Exact repetition of a range: find the line containing "Anime 10 pezzi" and the line containing "1) Melalui No." in the material below, then repeat both and all lines between them, leaving pictures out.

STUDY MATERIAL section start

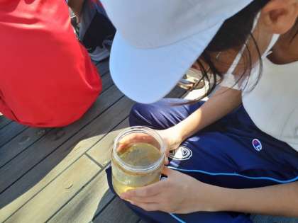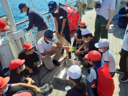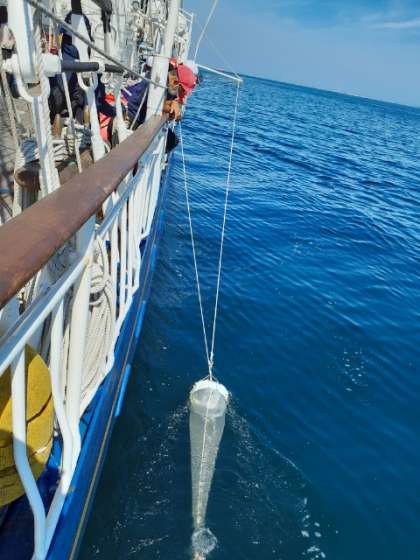 プランクトンネットをつかって、大阪湾に浮遊しているゴミについて調べました。
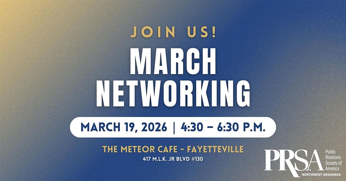 It’s networking time! Meet us at The Meteor Cafe in Fayetteville for our March NWA PRSA gathering. Grab a drink, make new connections and catch up with fellow communications professionals. Bring a colleague and come ready to mingle!
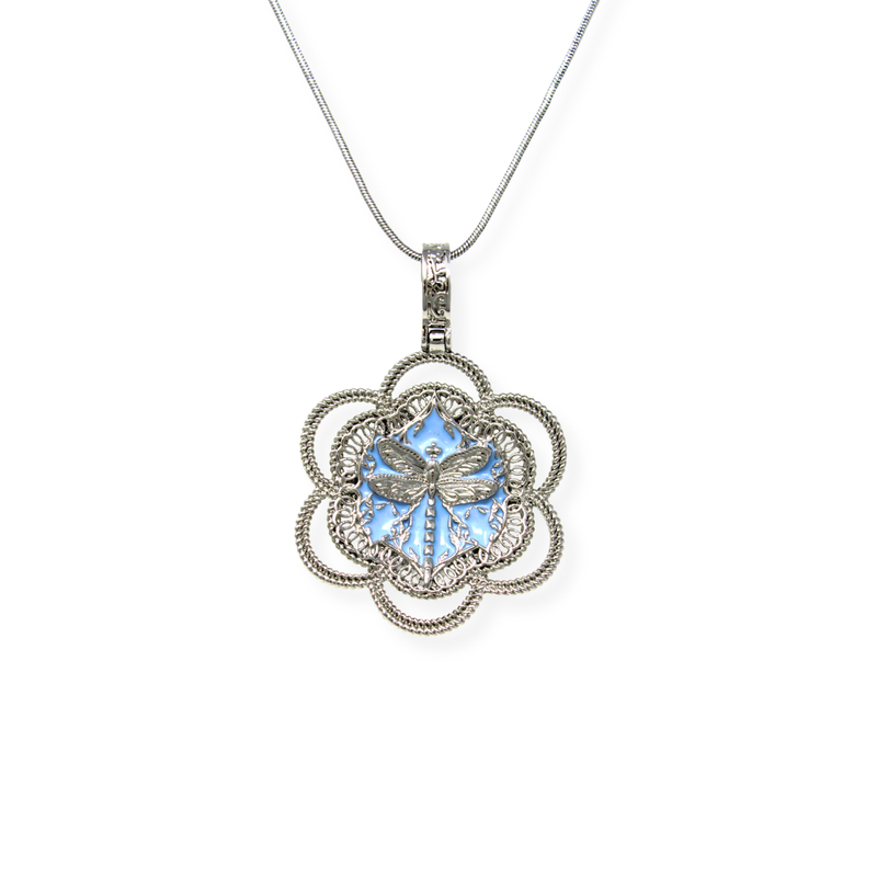 This unique pendant celebrates joy and tells a story of inner peace and connection with nature. A bright white rhodium dragonfly rests among a garden of powder-blue enamel, painted by hand. The design captures a sense of playfulness and wonder — a reminder to stay curious and lighthearted.
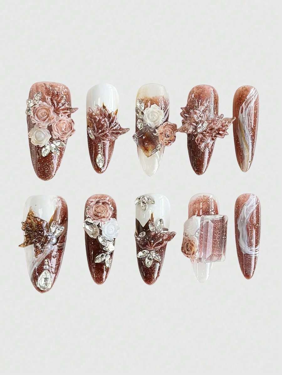 Anime 10 pezzi di unghie finte a forma di foglia d'acero tridimensionale dipinte a mano di alta qualità + 3 fogli di nastro biadesivo, unghie riutilizzabili con cristalli a forma di farfalla e rose, forma mandorla media, adatte per feste, balli e uso quotidiano.
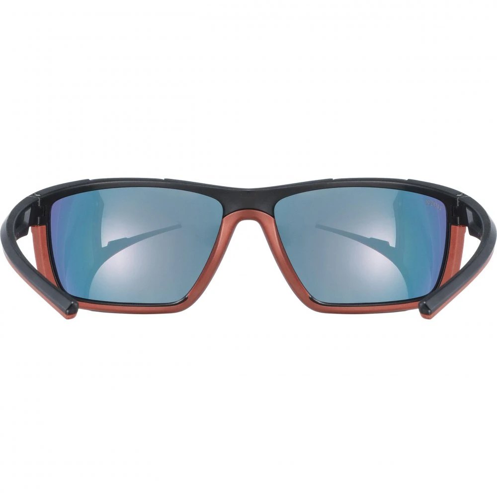 Sports glasses with a full-frame construction and mirror lenses, especially suitable for round and oval faces.
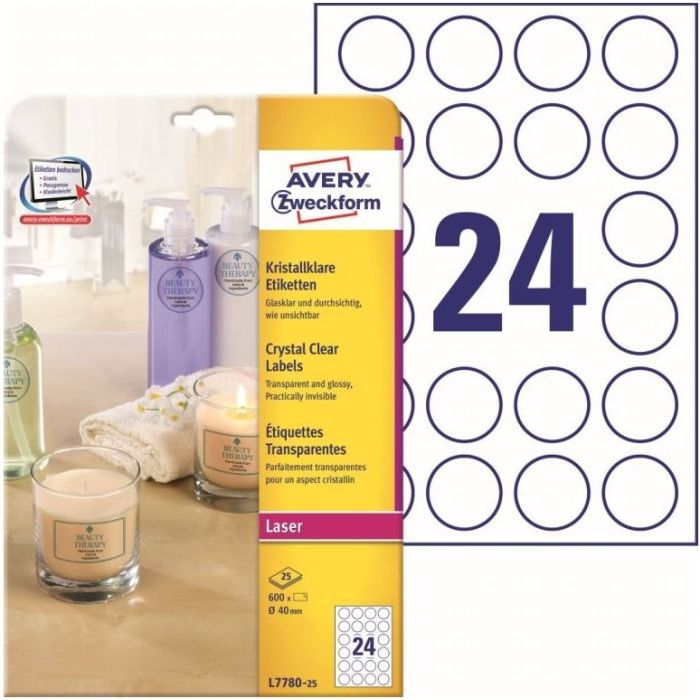 Étiquettes transparentes autocollantes très résistantes, diamètre 30 mm AVERY. Référence L7780-25
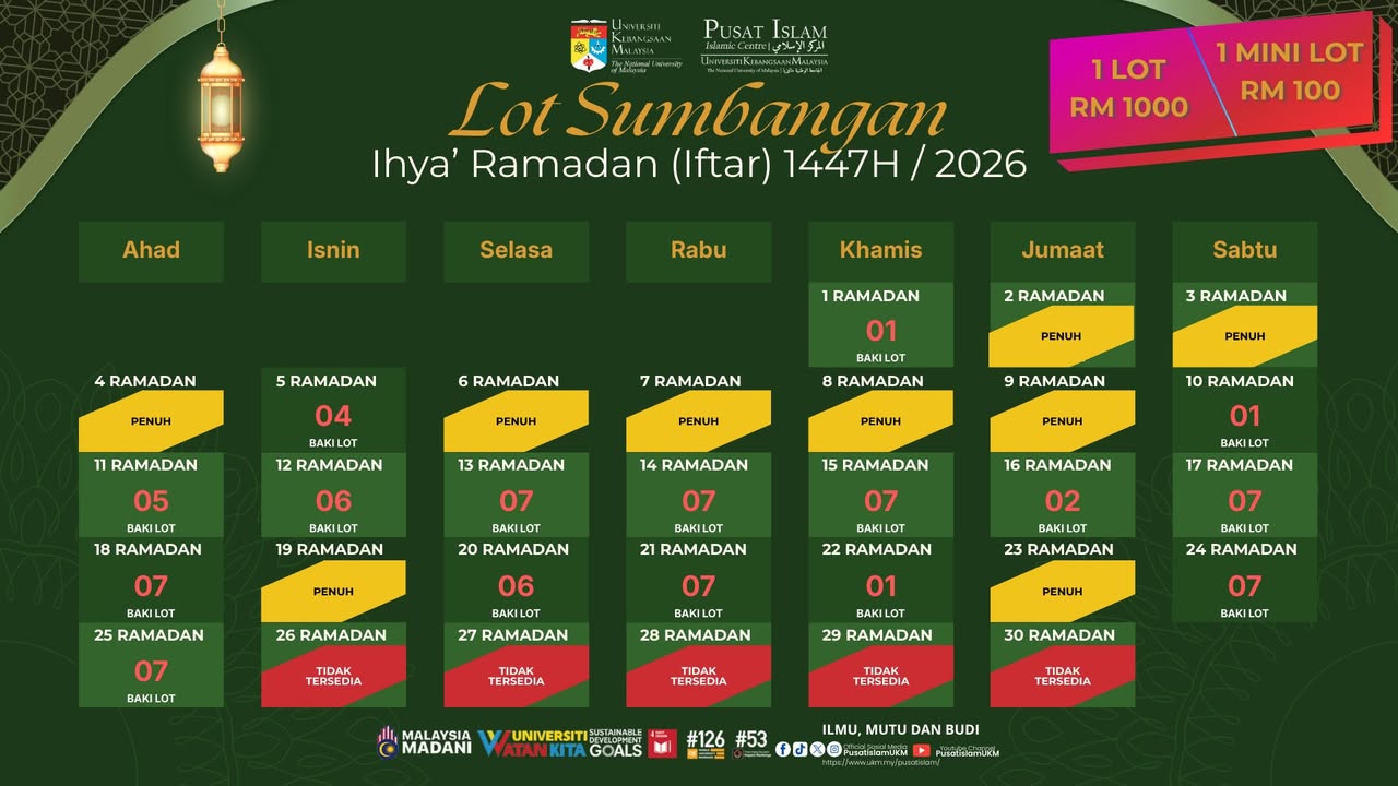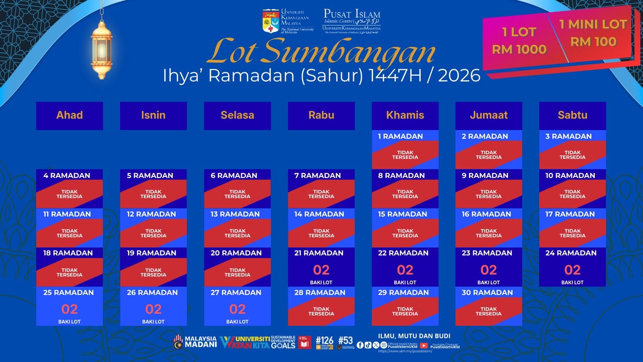 1) Melalui No. Akaun Rasmi CIMB Bank Universiti Kebangsaan Malaysia iaitu (98945110502000) dan Ref: Sumbangan Ihya’ Ramadan 2026
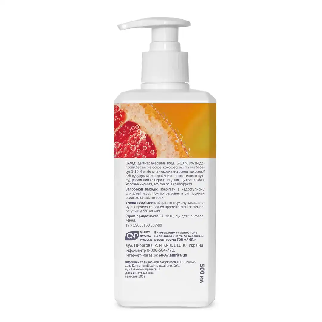 Состав: деминерализованная вода, 5-10 % кокамидопропилбетаин (на основе кокосового масла и масла бабассу), 5-10 % алкилполиглюкозид (на основе кокосового масла, кукурузного крохмала и тростникового сахара), растительный глицерин, загуститель, цитрат серебра, молочная кислота эфирное масло грейпфрута.
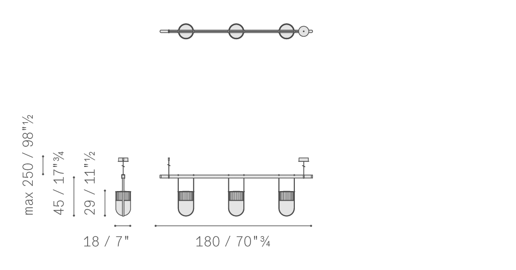 在吊燈版本中,提供單個或多個燈泡的多種組合,Xi燈具可以安裝在高度可調的橫桿上,提供兩種長度,130cm和180cm,采用啞光槍管色表面處理,電纜線為黑色。吊桿采用軌道式結構,允許水平移動燈具,并可將其固定在所需位置上。
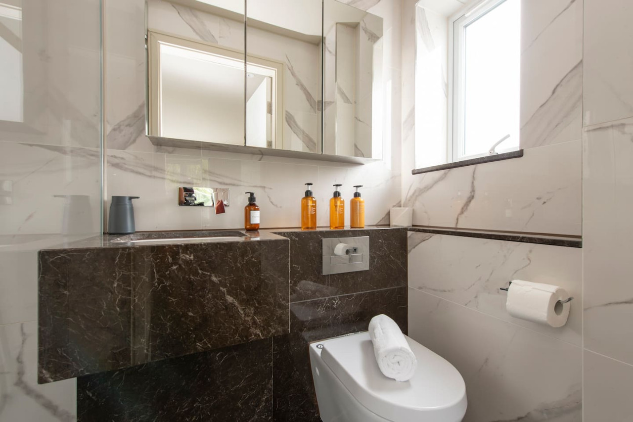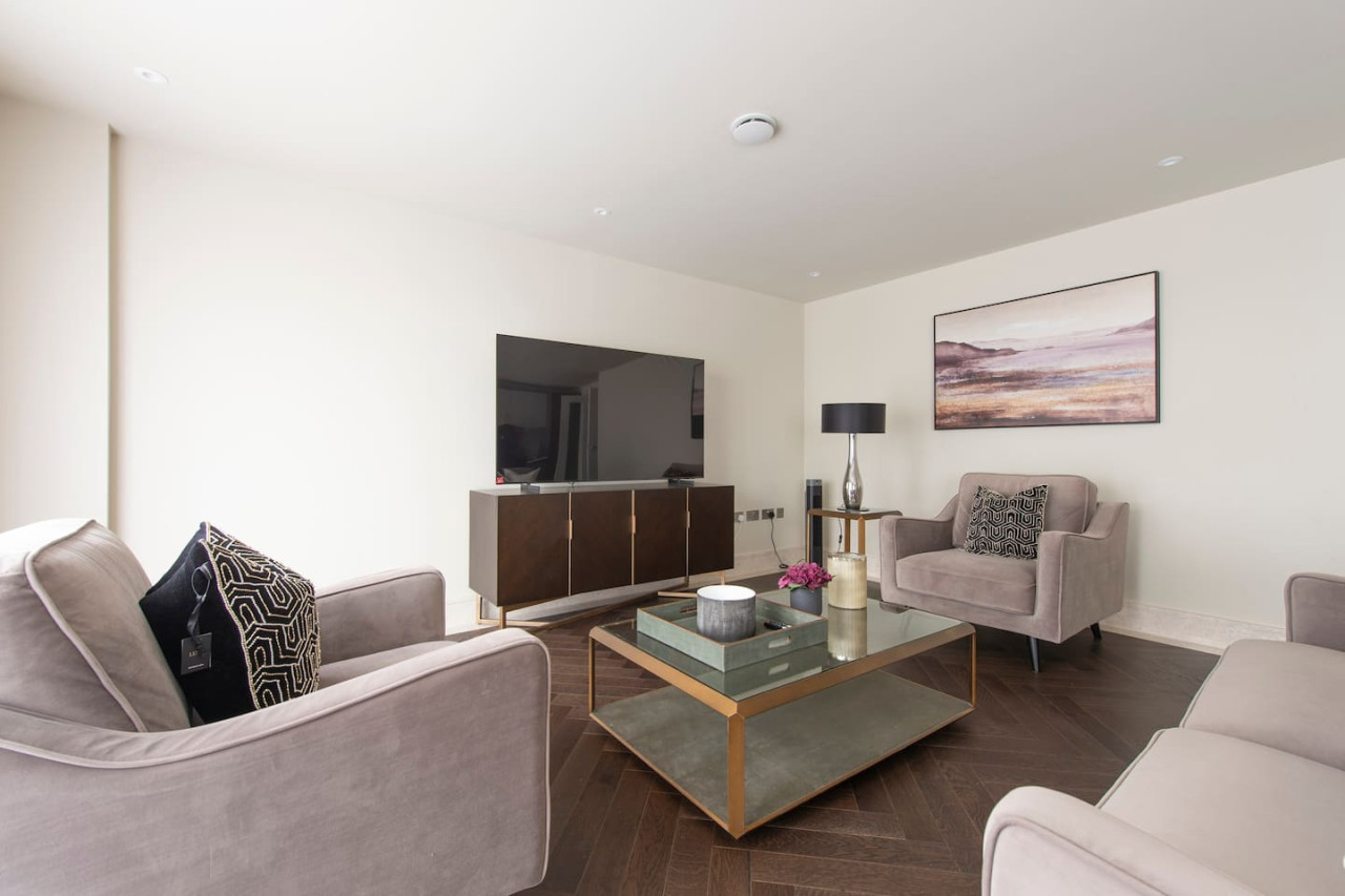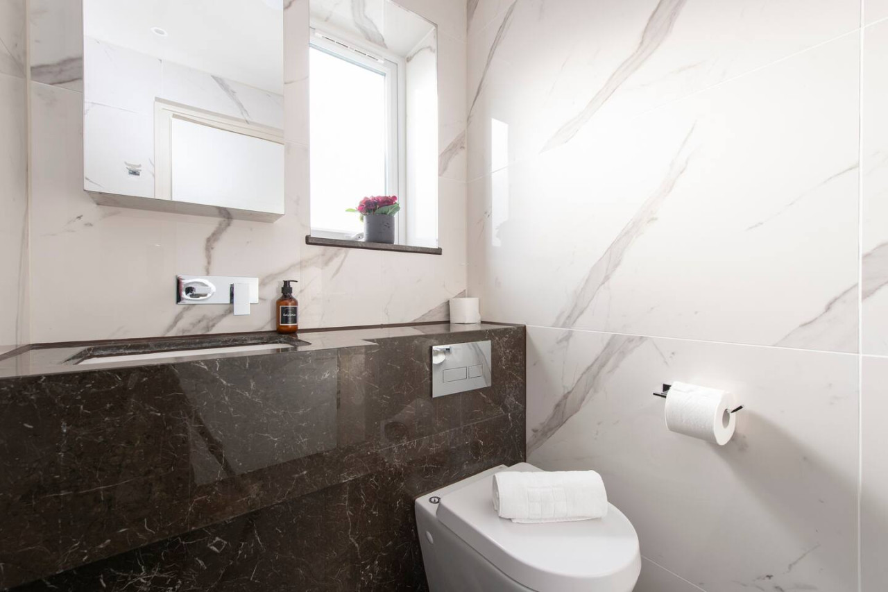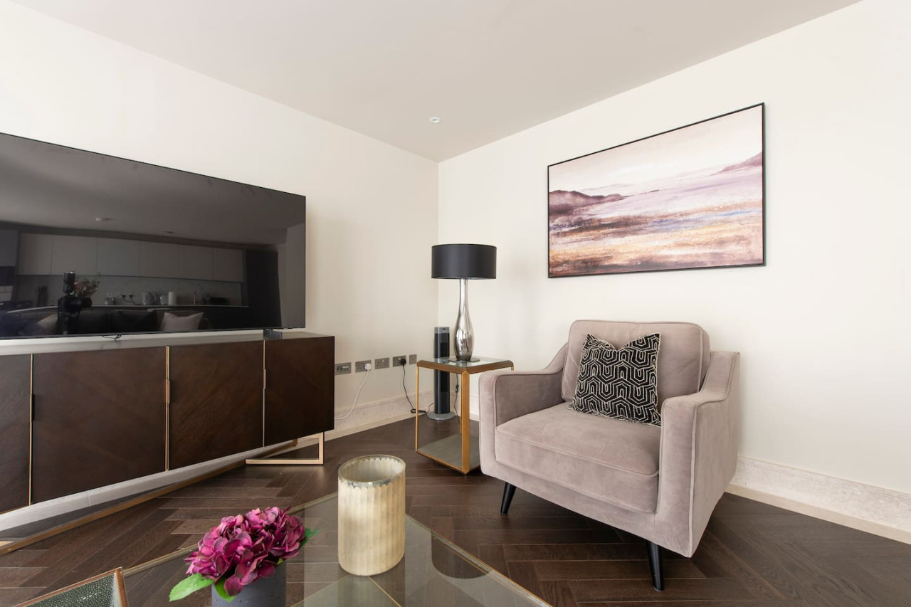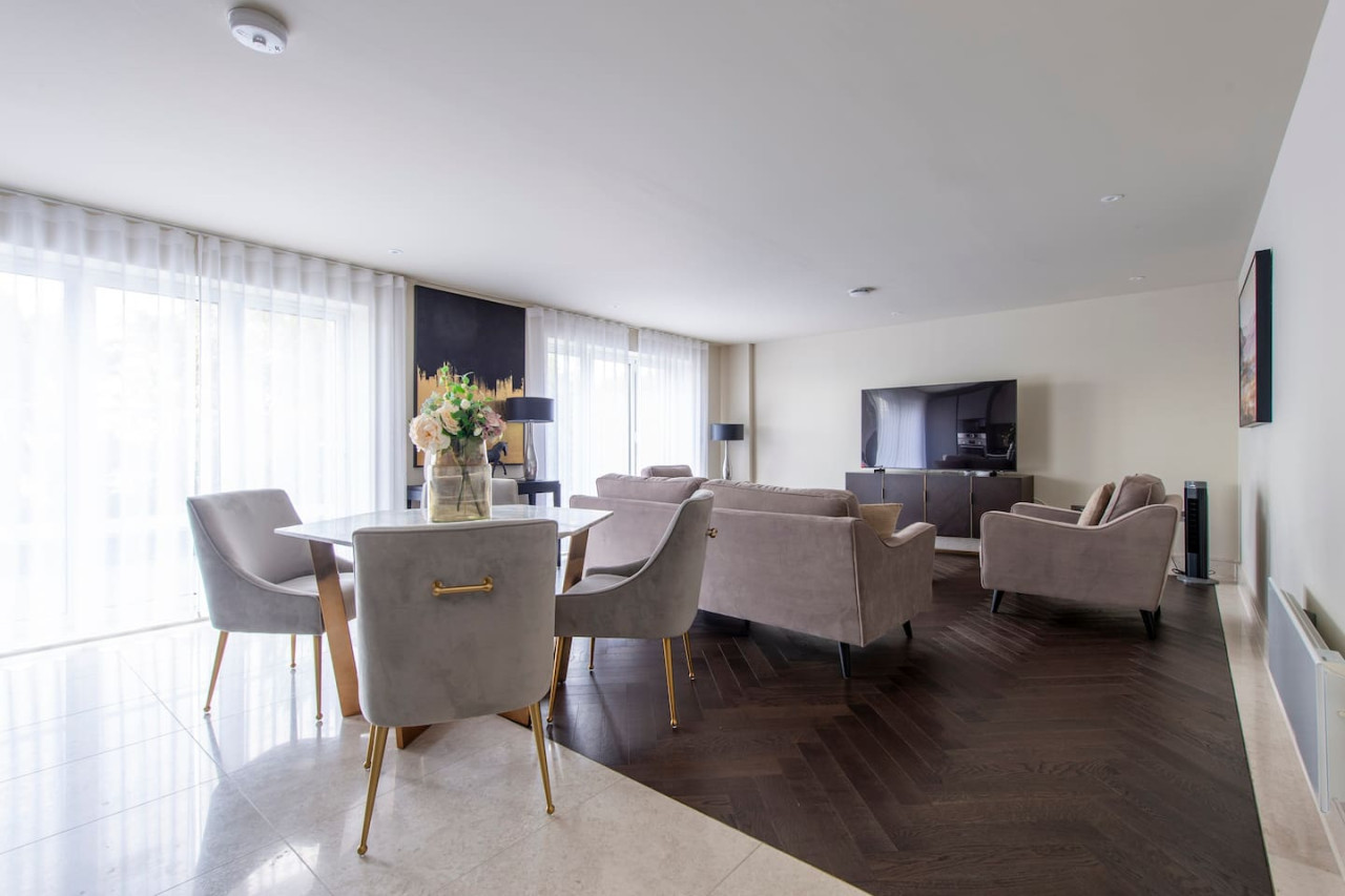 Indulge in luxurious living at our elegant apartment with terrace. Stylishly designed, it offers contemporary comfort, a spacious master bedroom with walk-in wardrobe, and a serene communal garden. Perfect for families, groups, and business travellers. Conveniently located near transport links, enjoy the best of village charm and central London's vibrant energy. Value, convenience, and sophistication await you. Forget your worries in this spacious and serene space.
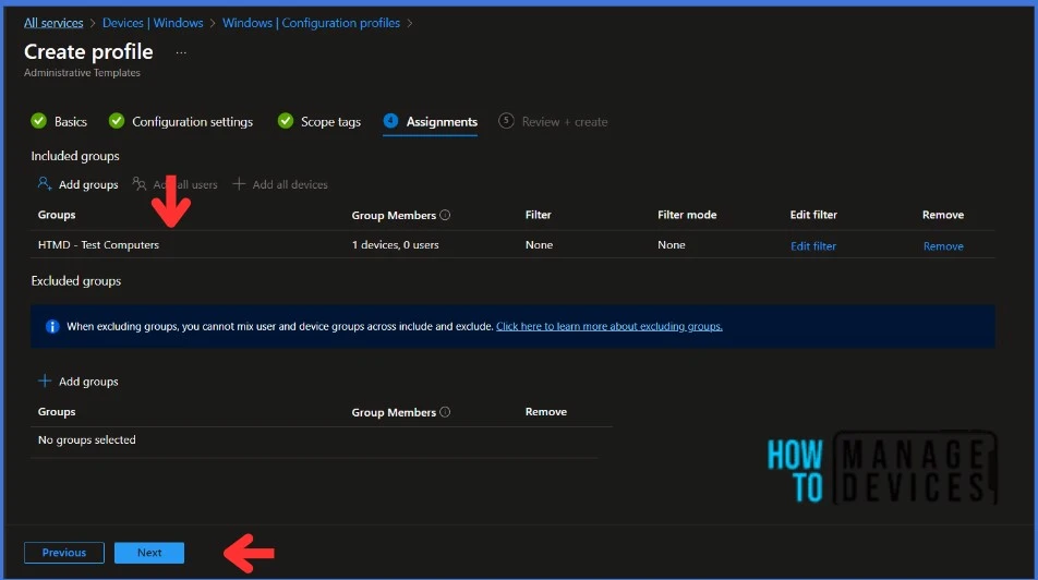 Click Next to display the Scope tags page. Add the Scope tags if you wish and click Next to assign the policy to computers. I will deploy it to the HTMD – Test Computers Group.

STUDY MATERIAL section end

▸ EXERCISE RESPONSE
 Anime 10 pezzi di unghie finte a forma di foglia d'acero tridimensionale dipinte a mano di alta qualità + 3 fogli di nastro biadesivo, unghie riutilizzabili con cristalli a forma di farfalla e rose, forma mandorla media, adatte per feste, balli e uso quotidiano.
 Sports glasses with a full-frame construction and mirror lenses, especially suitable for round and oval faces.
 Étiquettes transparentes autocollantes très résistantes, diamètre 30 mm AVERY. Référence L7780-25
 1) Melalui No. Akaun Rasmi CIMB Bank Universiti Kebangsaan Malaysia iaitu (98945110502000) dan Ref: Sumbangan Ihya’ Ramadan 2026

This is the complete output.